Во время поездки я сидел рядом с госпожой Петтигру-Робинсон, открывал и закрывал для нее окно и заботился о ее пакетах. Она припомнила, что когда Ваша сестра будила всех в четверг утром, то постучала сначала в дверь мистера Арбатнота – это обстоятельство показалось ей странным; но на деле, если поразмыслить, это вполне естественно – ведь его комната располагается непосредственно напротив лестницы.
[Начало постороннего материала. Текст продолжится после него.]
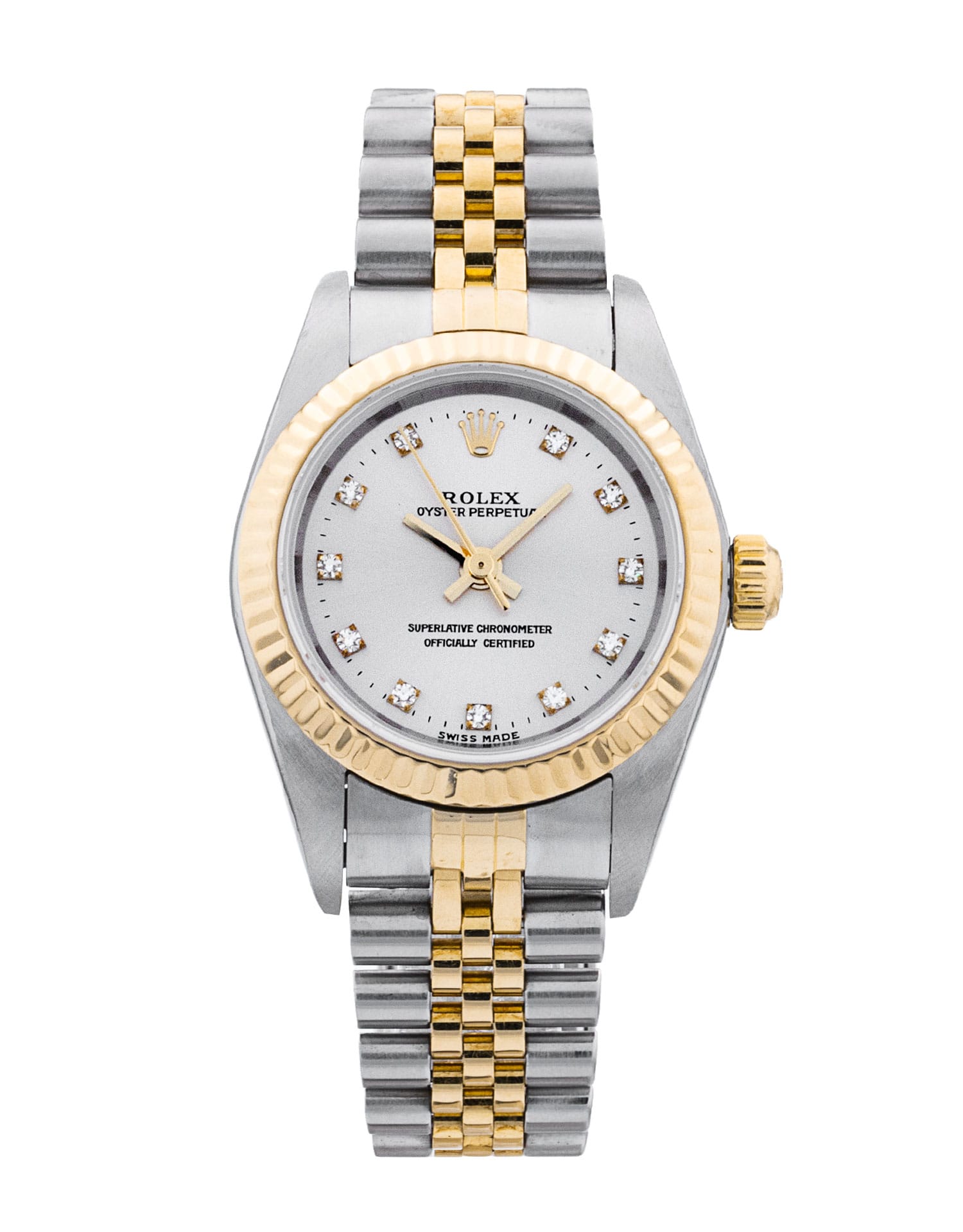 This Rolex Lady Oyster Perpetual 76193 has a silver diamond dial and a bracelet strap. This Rolex has undergone a thorough inspection of water resistance, accuracy, functionality and condition to determine the level of reconditioning required to meet our strict standards. It has also been referenced against technical documents and manufacturer records where available to ensure authenticity and a clean history. All our watches have a 24-month warranty for your peace of mind. One of our skilled polishing technicians has removed marks on the case and bracelet of this watch, brought about by daily wear and tear, which is why this watch does not come with the remaining manufacturer’s warranty.

Именно мистер Арбатнот поднял семью Петтигру-Робинсон, и мистер П. немедленно побежал вниз. Миссис П. тогда увидела, что леди Мэри едва стоит на ногах, и попыталась поддержать ее. Ваша сестра оттолкнула ее – грубо, как отметила миссис П., – отклонила «в сильной ярости» все предложения о помощи, помчалась в свою комнату и заперлась там. Миссис Петтигру-Робинсон слушала у двери, «желая удостовериться», как она говорит, «что все в порядке», но, прислушиваясь к ее перемещениям по комнате и хлопанью дверцами шкафов, она заключила, что у нее больше шансов попасть пальцем в пирог, находящийся внизу, и удалилась.
Расскажи мне об этом миссис Марчбэнкс, я допустил бы, что над эпизодом стоит призадуматься, но у меня присутствует сильное ощущение, что, даже умирая, я тем не менее запер бы дверь между собой и миссис Петтигру-Робинсон. Миссис П. была вполне уверена, что у леди Мэри ничего не было в руках. Она была одета как описано в протоколе дознания – в длинное пальто поверх пижамы (спального костюма – по выражению миссис П.), крепкие ботинки и шерстяную шапку и оставалась в этой одежде вплоть до визита доктора. Другое несколько странное обстоятельство: миссис Петтигру-Робинсон (которая проснулась, как вы помните, после 2.00) уверена, что как раз перед тем, как леди Мэри постучала в дверь мистера Арбатнота, она слышала хлопок двери где-то в коридоре. Не знаю, что можно заключить из этого, возможно, ничего существенного, но упоминаю это на всякий случай.
Я отвратительно провел время в городе. Претендент на звание Вашего шурина был образцом предусмотрительности Его комната в Олбани – пустыня с точки зрения расследования преступления: никаких бумаг, кроме нескольких английских чеков и квитанций, а также приглашений. Я навел справки о некоторых из тех, кто его приглашал. Это были главным образом люди, которые познакомились с ним в клубе или знали его по армии, и они не могли сообщить мне ничего о его частной жизни. Он известен в нескольких ночных клубах. Я совершил прогулку по этим заведениям вчера вечером, вернее сегодня утром. Общее впечатление: щедрый, но непроницаемый. Между прочим, покер, кажется, был его любимой игрой. Никаких предположений о нечестности. Он выигрывал в целом довольно часто, но никогда очень внушительно.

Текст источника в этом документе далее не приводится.